According to foreign media reports, with the spread of the new crown pneumonia epidemic, the demand for medical rubber gloves around the world has continued to increase, which has attracted investors from different industries into the rubber glove market.
In Malaysia, the largest producer of rubber gloves, companies in different industries such as real estate development, information technology, and palm oil production have entered.
According to the Malaysian Rubber Glove Manufacturers Association (MARGMA) forecast in July, by 2020, Malaysia’s domestic rubber glove production will expand to 220 billion, a year-on-year increase of 20%, almost all for export.
Among them, the Malaysian listed companies that announced new entry into the field have invested a total of 900 million ringgits in the past two months, and approximately 70 new rubber glove production lines have been added.

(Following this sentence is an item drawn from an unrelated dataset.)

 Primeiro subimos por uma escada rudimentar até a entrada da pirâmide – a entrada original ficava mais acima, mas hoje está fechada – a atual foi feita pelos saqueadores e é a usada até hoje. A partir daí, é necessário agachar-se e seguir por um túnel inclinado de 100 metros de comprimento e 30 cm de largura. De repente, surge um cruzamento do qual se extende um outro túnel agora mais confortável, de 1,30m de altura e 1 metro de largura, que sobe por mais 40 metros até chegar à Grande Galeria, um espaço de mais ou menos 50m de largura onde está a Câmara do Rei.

According to analysts at JF Apex Securities, due to the inflow of investor funds, the annual production capacity of rubber gloves is expected to increase by 20 billion. JF Apex Securities analysts pointed out that as the epidemic eases, demand for rubber gloves will decline in the first half of next year, and it will be difficult for new companies that lack market competitiveness to make profits. With the development of vaccines and the end of the epidemic, the demand for gloves has declined. However, the initial investment cost of these new entrants in the field of rubber glove production is very high, and its production efficiency is difficult to compare with large enterprises. Therefore, it is difficult to obtain the expected large profits.
It takes at least half a year to build a rubber glove production plant. New companies that lack professional production experience and sales network can hardly form competition with large companies.